Gathers data science and machine learning problem solving using PyFlink.
- Simple Word Count to HDFS, 1.tableapi-word-count-hdfs.ipynb.
- Simple Table API to do Word Count and sink into Parquet format in HDFS.
- Simple Word Count to PostgreSQL, 2.tableapi-word-count-postgres.ipynb.
- Simple Table API to do Word Count and sink into PostgreSQL using JDBC.
- Simple Word Count to Kafka, 3.tableapi-word-count-kafka.ipynb.
- Simple Table API to do Word Count and sink into Kafka.
- Simple text classification to HDFS, 4.tableapi-malay-sentiment-classifier-hdfs.ipynb.
- Load trained text classification model using UDF to classify sentiment and sink into Parquet format in HDFS.
- Simple text classification to PostgreSQL, tableapi-malay-sentiment-classifier-postgres.ipynb.
- Load trained text classification model using UDF to classify sentiment and sink into PostgreSQL.
- Simple text classification to Kafka, tableapi-malay-sentiment-classifier-kafka.ipynb.
- Load trained text classification model using UDF to classify sentiment and sink into Kafka.
- Simple real time text classification upsert to PostgreSQL, tableapi-malay-sentiment-classifier-kafka-upsert-postgres.ipynb.
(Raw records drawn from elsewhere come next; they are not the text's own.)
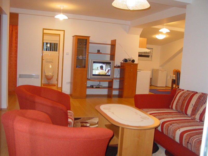 cena za celý AP činí 1.300 Kč / noc; kapacita 4 lůžka – mimořádně přistýlka; v apartmánu je k dispozici plně vybavená kuchyně s elektrickým sporákem, nádobím, lednicí, mikrovlnkou -můžete si zde pohodlně připravit snídani …, je zde instalováno domácí kino; Váš PC možno připojit přes PC zásuvku k internetu ( jednorázový poplatek 100 Kč ), domácí obuv žádoucí; při obsazení apartmánu dvěma osobami dohoda o ceně možná.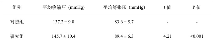 表1:对照组与研究组24 小时平均收缩压和舒张压比较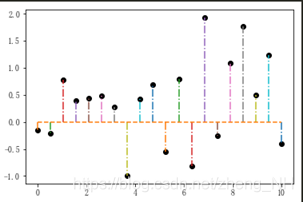 函数:plt.stem(x,y, linefmt=None, markerfmt=None, basefmt=None)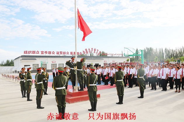 清风网讯(中国光大银行乌鲁木齐分行 向家乐)当太阳脱离地平线,将激情的阳光洒遍整个英买力村时,有那么一支队伍,他们迎着东方的晨曦,伴着铿锵的乐曲,将庄严的国旗徐徐升起。他们是一抹神圣的橄榄绿、一群没有军衔的士兵,用黄金岁月兑换激情与汗水。在训练中用汗水和坚持激荡青春,在任务中守卫国旗无上的荣誉。他们就是英买力村国旗护卫队。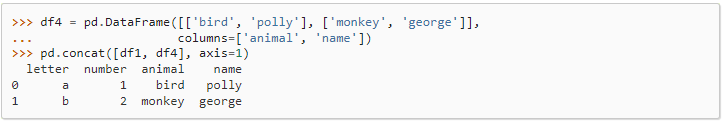 3) axis=1 설정하여, x축을 따라 DataFrame 개체를 수평으로 결합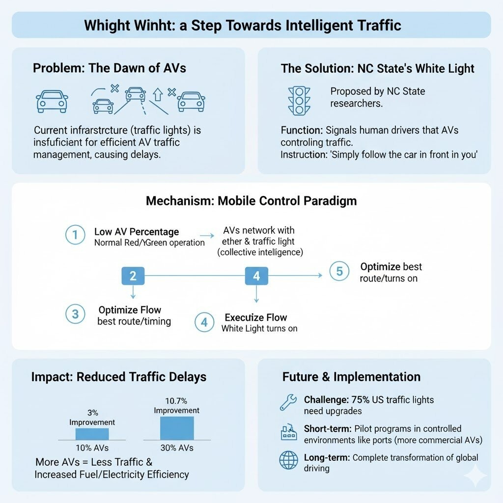 در این شرایط، یک تیم تحقیقاتی از مهندسان حملونقل دانشگاه کارولینای شمالی، برای بهرهگیری از قابلیت حیرتانگیز شبکهسازی خودروهای خودران، پیشنهاد جالب و متفاوتی را ارائه داده؛ چهار رنگه کردن چراغ راهنمایی و افزودن چراغ سفیدرنگ که وظیفه این چراغ جدید، هشدار دادن به رانندههای انسان برای “پیروی از خودروی جلویی” است.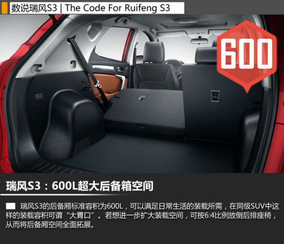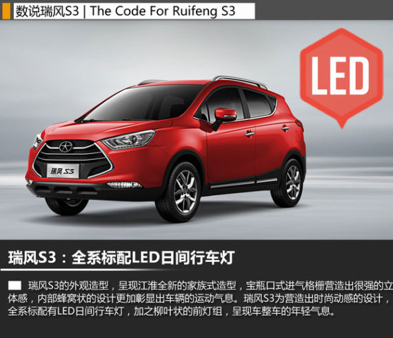 据了解,这款瑞风S3是针对85后年轻消费群体打造的城市型SUV,定位为易驾SUV。新车基于A30的轿车平台打造,为此这款小型SUV的车身尺寸与和悦A30接近。长宽高分别为4325·1765·1660mm(含行李架),轴距达到2560mm。与同级热销SUV长安CS35和长城M4相比,可谓不相伯仲。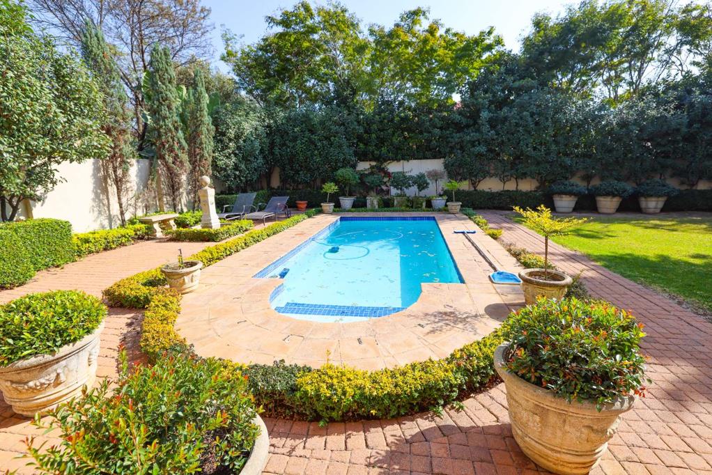 In a quiet location, the fulllength upper level overlooks the landscaped back garden and a sparkling oversized swimming pool. On the ground floor, a covered veranda is accessed through sliding wooden doors from all rearfacing rooms, opening onto a backyard bordered by mature trees and manicured plantings. The tranquil setting ensures total privacy and a lifestyle of comfort and elegance.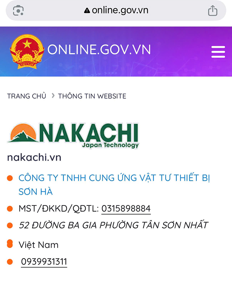 Nakachi thực hiện đầy đủ và tuân thủ các quy định về buôn bán hàng hóa Online. Dưới đây là thông tin về việc đăng kí thông báo tên miền đến bộ công thương.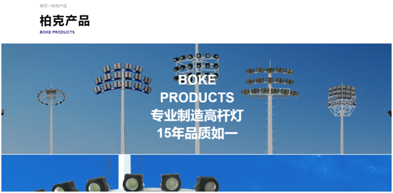 產品是企業生存的根本。多年來,柏克體育匠心制造,不斷向市場輸送高桿燈、常規燈桿、燈具、配件等多元化產品,為彌補市場空白貢獻出重要力量。作為成熟系統的品牌官網,對產品的展示自然不可或缺。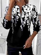 sizzling ! Women's Pullover Sweatshirt Zip Up Sweatshirts Floral Graphic Fashion Casual Long Sleeve Crew Neck Round Neck Regular Tops Street Dailywear Patchwork Zipper Print Black Spring Fall Winter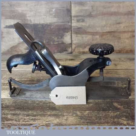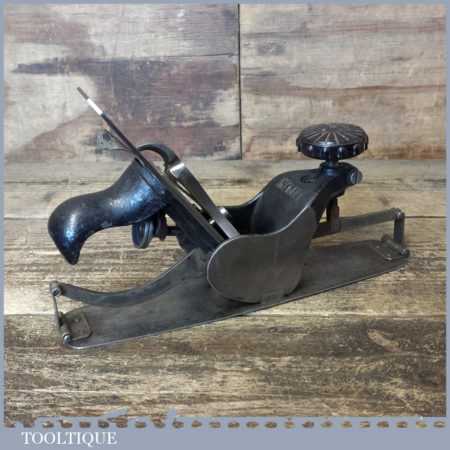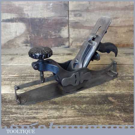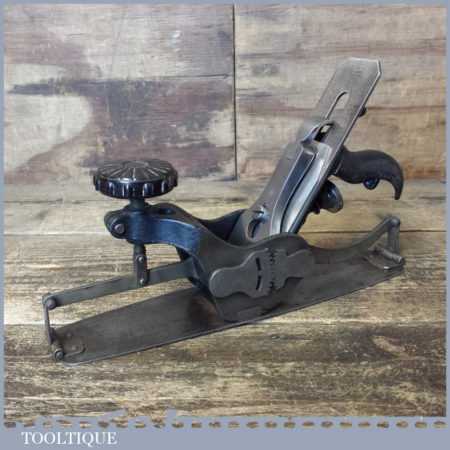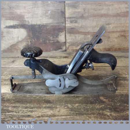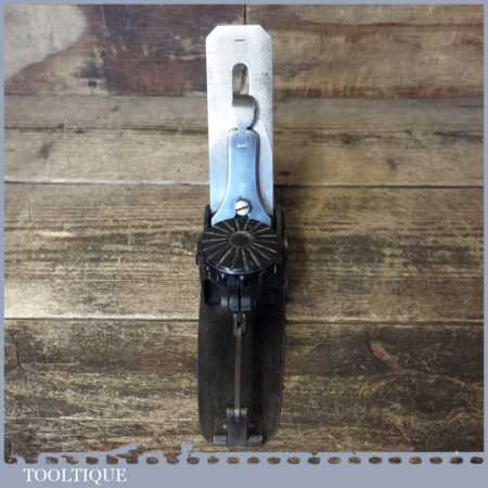 Unusual vintage No: 113 circular compass plane, fully refurbished and sharpened ready for use and in good used condition. All the components have been thoroughly cleaned and move freely. I have to say I’ve never seen one of these before so cannot attribute a maker but wonder if the iron is an import replacement added later. Date wise the front knob is Bakelite so probably could be as the from 1950’s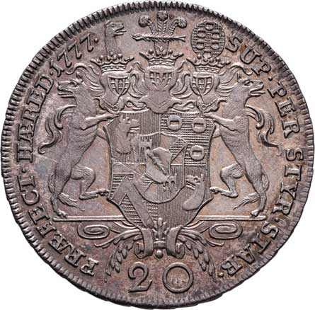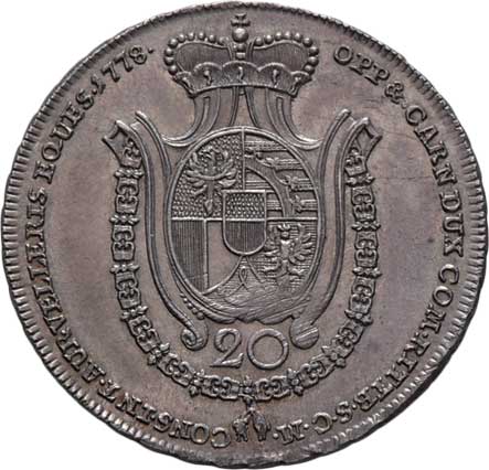 | 625. | 20 Krejcar 1778, Poprsí zprava, opis / korunov. znak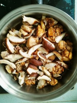 1.入鸡块儿翻炒几下 加香菇 2.入生抽 老抽 料酒 翻匀盖锅盖儿
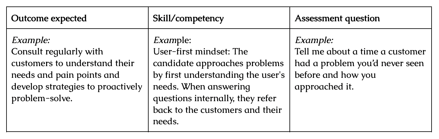 An assessment process should be unbiased and data driven. For every skill, experience, and capability included in the ideal candidate profile, determine the two to three questions. Repeat these questions with every candidate. Candidates can then be compared in a consistent manner against each other, and against the objective requirements for the role. Ideally, you structure an interview guide that is used for every interview, an example below.

- Simple real time text classification from Debezium CDC and upsert into PostgreSQL.
- Simple real time text classification upsert to Kafka, tableapi-malay-sentiment-classifier-kafka-upsert-kafka.ipynb.
- Simple real time text classification from Debezium CDC and upsert into Kafka Upsert.
- Simple Word Count to Apache Hudi, tableapi-word-count-hudi.ipynb.
- Simple Table API to do Word Count and sink into Apache Hudi in HDFS.
- Simple text classification to Apache Hudi, tableapi-malay-sentiment-classifer-hudi.ipynb.
- Load trained text classification model using UDF to classify sentiment and sink into Apache Hudi in HDFS.
- Simple real time text classification upsert to Apache Hudi, tableapi-malay-sentiment-classifer-kafka-upsert-hudi.ipynb.
- Simple real time text classification from Debezium CDC and upsert into Apache Hudi in HDFS.
- Run HDFS and PostgreSQL for Hive Metastore,
docker container rm -f hdfs postgres
docker-compose -f misc.yaml build
docker-compose -f misc.yaml up
- Create Hive metastore in PostgreSQL,
PGPASSWORD=postgres docker exec -it postgres psql -U postgres -d postgres -c "$(cat hive-schema-3.1.0.postgres.sql)"
- Build image,
docker build -t flink flink
- Run docker compose,
docker-compose up
Feel free to scale up the workers,
docker-compose scale taskmanager=2
To access Flink SQL CLI,
docker exec -it flink /opt/flink/bin/sql-client.sh
- Run Kafka and Debezium for PostgreSQL CDC,
docker container rm -f debezium broker
docker-compose -f kafka.yaml up
docker exec postgresql bash -c \
'PGPASSWORD=postgres psql -d postgres -U postgres -c "$(cat /bitnami/postgresql/conf/table.sql)"'
- Add PostgreSQL CDC,
curl --location --request POST http://localhost:8083/connectors/ \
--header 'Content-Type: application/json' \
--data-raw '{
"name": "employee-connector",
"config": {
"connector.class": "io.debezium.connector.postgresql.PostgresConnector",
"tasks.max": "1",
"plugin.name": "pgoutput",
"database.hostname": "postgresql",
"database.port": "5432",
"database.user": "postgres",
"database.password": "postgres",
"database.dbname" : "postgres",
"database.server.name": "employee",
"key.converter": "org.apache.kafka.connect.json.JsonConverter",
"key.converter.schemas.enable": "true",
"table.whitelist": "public.employee,public.salary",
"tombstones.on.delete": "false",
"decimal.handling.mode": "double"
}
}'